When we use DARE on INNODB tables, using the out of the box plugin file_key_management using the configuration on this page https://mariadb.com/kb/en/mariadb/data-at-rest-encryption/, we encountered periodic (in regular intervals i.e. every hour) high CPU and it stalled the system for any use. Even when there is no user/application connections to the server, the CPU spikes happened regularly. No indication in any logs or anywhere on what was happening. It was a debugging nightmare.

We were using innodb_encryption_threads = 4 as indicated in the above page.

On extensive analysis, following was discovered

Mariadb starts the background threads as specified in the innodb_encryption_threads to perform 2 things - data scrubbing i.e. to remove deleted data and to re-encrypt data pages when key is changed.

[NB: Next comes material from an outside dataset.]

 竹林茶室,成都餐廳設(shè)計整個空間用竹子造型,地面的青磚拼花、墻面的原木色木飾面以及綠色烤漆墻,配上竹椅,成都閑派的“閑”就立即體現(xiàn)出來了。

The issue noted here is even when scrubbing for compressed and uncompressed is turned off and also when there is no key changed for re-encrypt, the background threads starts periodically as defined in the innodb-background-scrub-data-check-interval and hogs the CPU as high as 200% on a 2 core system for nearly 20+ minutes (depending on the data volume) doing "NOTHING" or to say "NOTHING TO BE DONE", and this stalls the CPU and the system is unusable.

Suspect following critical issues
1. No checks are done to see if scrubbing is enabled for compressed or uncompressed data to start the threads.

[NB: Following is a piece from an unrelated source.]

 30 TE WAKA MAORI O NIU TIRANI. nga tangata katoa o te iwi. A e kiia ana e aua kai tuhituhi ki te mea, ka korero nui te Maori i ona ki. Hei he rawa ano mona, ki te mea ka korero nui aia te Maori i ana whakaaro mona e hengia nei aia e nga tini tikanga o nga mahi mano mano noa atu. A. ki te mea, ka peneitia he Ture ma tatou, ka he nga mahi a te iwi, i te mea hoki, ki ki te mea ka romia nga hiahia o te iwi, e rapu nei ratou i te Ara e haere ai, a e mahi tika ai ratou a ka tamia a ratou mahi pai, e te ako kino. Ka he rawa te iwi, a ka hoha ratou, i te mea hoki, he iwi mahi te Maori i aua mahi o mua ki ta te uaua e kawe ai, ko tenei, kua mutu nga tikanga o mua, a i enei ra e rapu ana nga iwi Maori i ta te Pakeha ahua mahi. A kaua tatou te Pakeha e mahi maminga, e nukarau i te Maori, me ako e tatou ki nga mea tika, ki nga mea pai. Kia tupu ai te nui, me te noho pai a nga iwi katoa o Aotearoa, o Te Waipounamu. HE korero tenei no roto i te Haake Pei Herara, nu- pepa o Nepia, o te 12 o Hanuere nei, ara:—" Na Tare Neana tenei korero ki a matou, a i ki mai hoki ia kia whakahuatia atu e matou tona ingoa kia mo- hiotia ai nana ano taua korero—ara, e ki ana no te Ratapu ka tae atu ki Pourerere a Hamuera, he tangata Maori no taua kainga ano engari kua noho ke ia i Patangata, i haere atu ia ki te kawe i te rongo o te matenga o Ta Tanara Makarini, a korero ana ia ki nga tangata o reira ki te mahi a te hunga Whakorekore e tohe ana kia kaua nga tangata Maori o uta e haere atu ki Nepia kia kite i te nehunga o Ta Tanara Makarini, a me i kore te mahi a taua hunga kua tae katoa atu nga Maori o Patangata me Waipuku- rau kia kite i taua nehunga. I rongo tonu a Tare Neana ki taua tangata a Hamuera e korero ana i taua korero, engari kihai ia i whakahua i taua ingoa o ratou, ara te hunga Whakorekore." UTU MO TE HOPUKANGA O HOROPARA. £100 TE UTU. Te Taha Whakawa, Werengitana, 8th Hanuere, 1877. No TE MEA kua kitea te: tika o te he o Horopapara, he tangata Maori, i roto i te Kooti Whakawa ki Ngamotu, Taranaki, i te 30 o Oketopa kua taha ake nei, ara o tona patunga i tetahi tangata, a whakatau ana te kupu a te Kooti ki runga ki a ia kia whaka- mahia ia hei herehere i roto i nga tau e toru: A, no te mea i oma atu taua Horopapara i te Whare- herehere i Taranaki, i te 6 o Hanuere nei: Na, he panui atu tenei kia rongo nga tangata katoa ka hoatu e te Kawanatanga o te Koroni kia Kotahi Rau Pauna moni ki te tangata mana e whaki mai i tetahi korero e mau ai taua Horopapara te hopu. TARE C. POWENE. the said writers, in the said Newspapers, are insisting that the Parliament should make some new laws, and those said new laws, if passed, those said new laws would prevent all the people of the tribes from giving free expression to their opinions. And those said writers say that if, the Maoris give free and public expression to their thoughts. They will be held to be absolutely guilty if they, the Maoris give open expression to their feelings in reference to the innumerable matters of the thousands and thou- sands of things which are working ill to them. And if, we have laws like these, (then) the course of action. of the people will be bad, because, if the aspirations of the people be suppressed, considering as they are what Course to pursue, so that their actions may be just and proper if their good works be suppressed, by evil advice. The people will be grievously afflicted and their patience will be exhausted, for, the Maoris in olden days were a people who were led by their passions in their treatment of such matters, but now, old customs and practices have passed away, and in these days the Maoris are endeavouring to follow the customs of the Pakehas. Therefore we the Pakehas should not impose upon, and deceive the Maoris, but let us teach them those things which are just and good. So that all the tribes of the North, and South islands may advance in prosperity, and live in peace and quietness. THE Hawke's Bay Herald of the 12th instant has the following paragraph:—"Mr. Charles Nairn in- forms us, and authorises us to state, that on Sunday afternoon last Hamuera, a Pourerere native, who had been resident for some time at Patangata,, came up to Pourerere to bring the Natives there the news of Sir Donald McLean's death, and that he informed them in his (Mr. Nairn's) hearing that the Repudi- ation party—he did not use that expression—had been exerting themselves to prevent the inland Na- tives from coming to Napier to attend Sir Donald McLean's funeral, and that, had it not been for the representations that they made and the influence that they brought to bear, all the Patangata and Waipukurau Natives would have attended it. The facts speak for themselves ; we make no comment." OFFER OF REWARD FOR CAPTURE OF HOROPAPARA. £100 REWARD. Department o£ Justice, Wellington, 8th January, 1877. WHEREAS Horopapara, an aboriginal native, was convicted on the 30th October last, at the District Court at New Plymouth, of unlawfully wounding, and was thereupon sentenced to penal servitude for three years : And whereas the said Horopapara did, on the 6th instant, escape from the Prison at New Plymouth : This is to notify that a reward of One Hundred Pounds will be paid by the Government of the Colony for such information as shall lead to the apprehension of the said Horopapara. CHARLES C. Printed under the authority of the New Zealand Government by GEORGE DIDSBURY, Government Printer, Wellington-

Below is the config out of box for scrubbing

MariaDB [(none)]> show global variables like '%scrub%';
+---------------------------------------------+--------+
| Variable_name                               | Value  |
+---------------------------------------------+--------+
| innodb_background_scrub_data_check_interval | 3600   |
| innodb_background_scrub_data_compressed     | OFF    |
| innodb_background_scrub_data_interval       | 604800 |
| innodb_background_scrub_data_uncompressed   | OFF    |
| innodb_immediate_scrub_data_uncompressed    | OFF    |
| innodb_scrub_log                            | OFF    |
| innodb_scrub_log_speed                      | 256    |
+---------------------------------------------+--------+ 

2. There is no check to see if the encryption key has changed to start the new threads. Also per the documentation "This plugin does not support key rotation — all keys always have the version 1.", so it gives more reason not to start the encryption threads until a key change is detected.

3. Encryption/Scrubbing Threads are behaving like high priority threads i.e. it hogs the CPU stalling the system i.e. generally any background processes work on low priority threads such that the core DB functionality is not affected.

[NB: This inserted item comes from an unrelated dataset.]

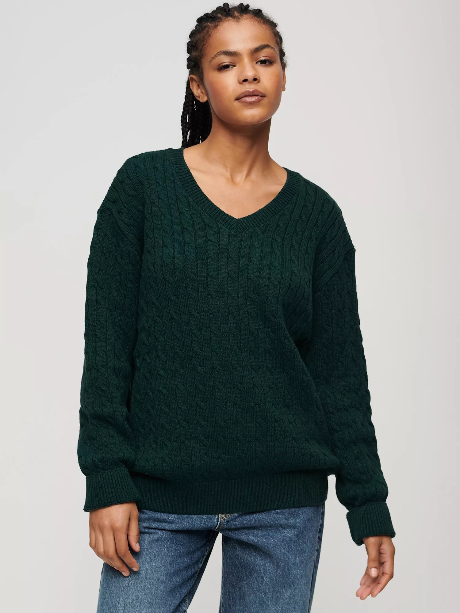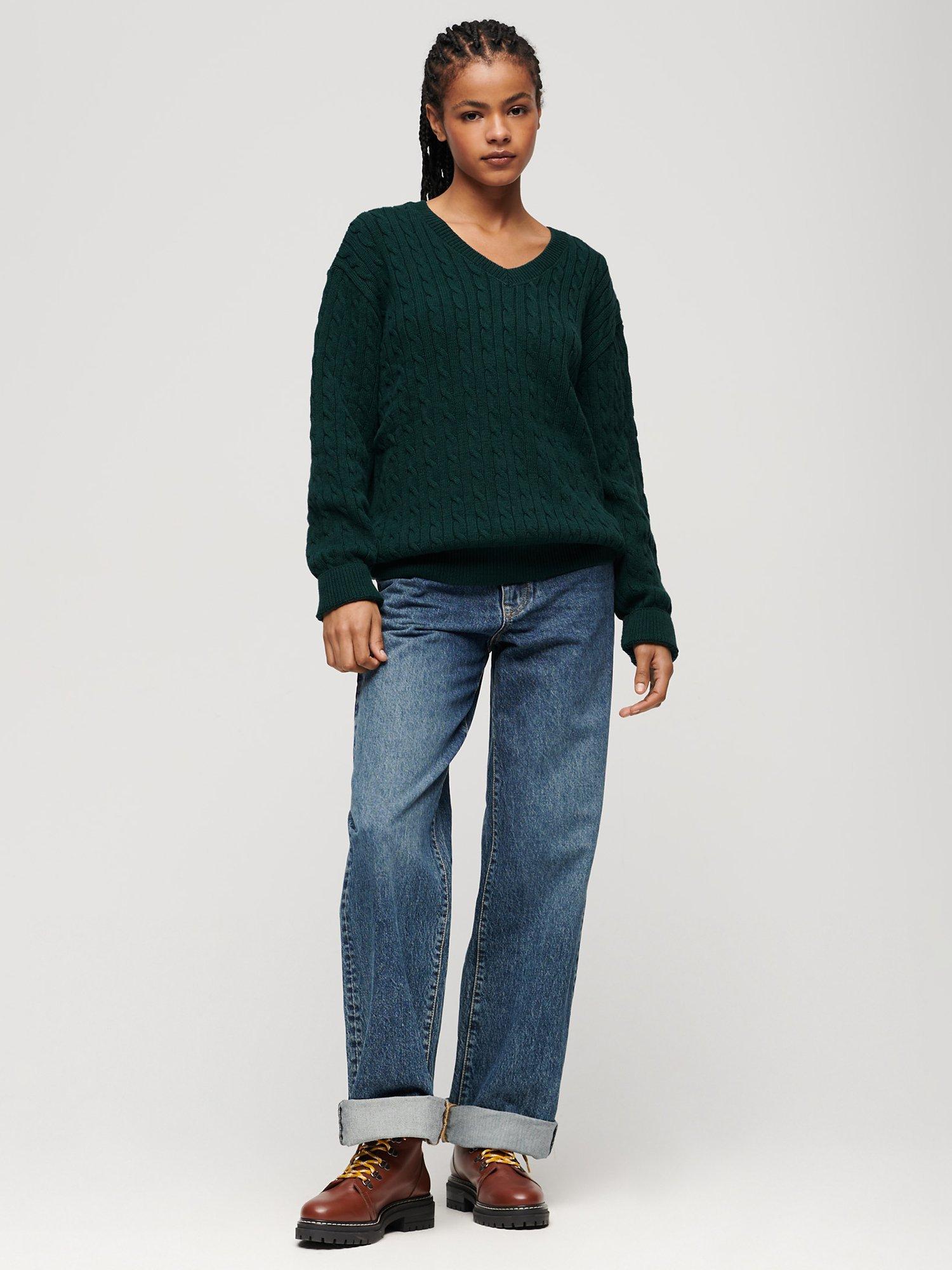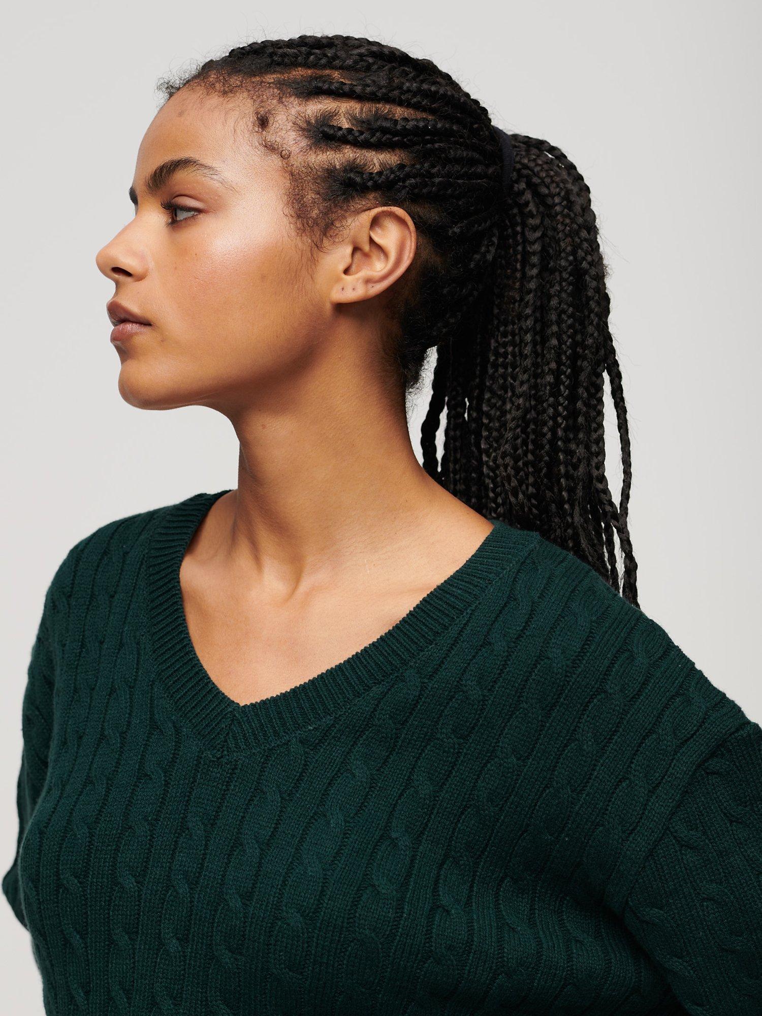 SuperdryOversized V-Neck Cable Knit Jumper, Dark Pine Green

4. No information noted in any of the system tables or in the processlist, that the Encryption threads are running and status of processing

Link to a similar high CPU issue has been noted in this ticket MDEV-10368

We temporarily solved the problem by setting innodb_encryption_threads = 0



 Comments   
Comment by Jan Lindström (Inactive) [ 2016-12-16 ]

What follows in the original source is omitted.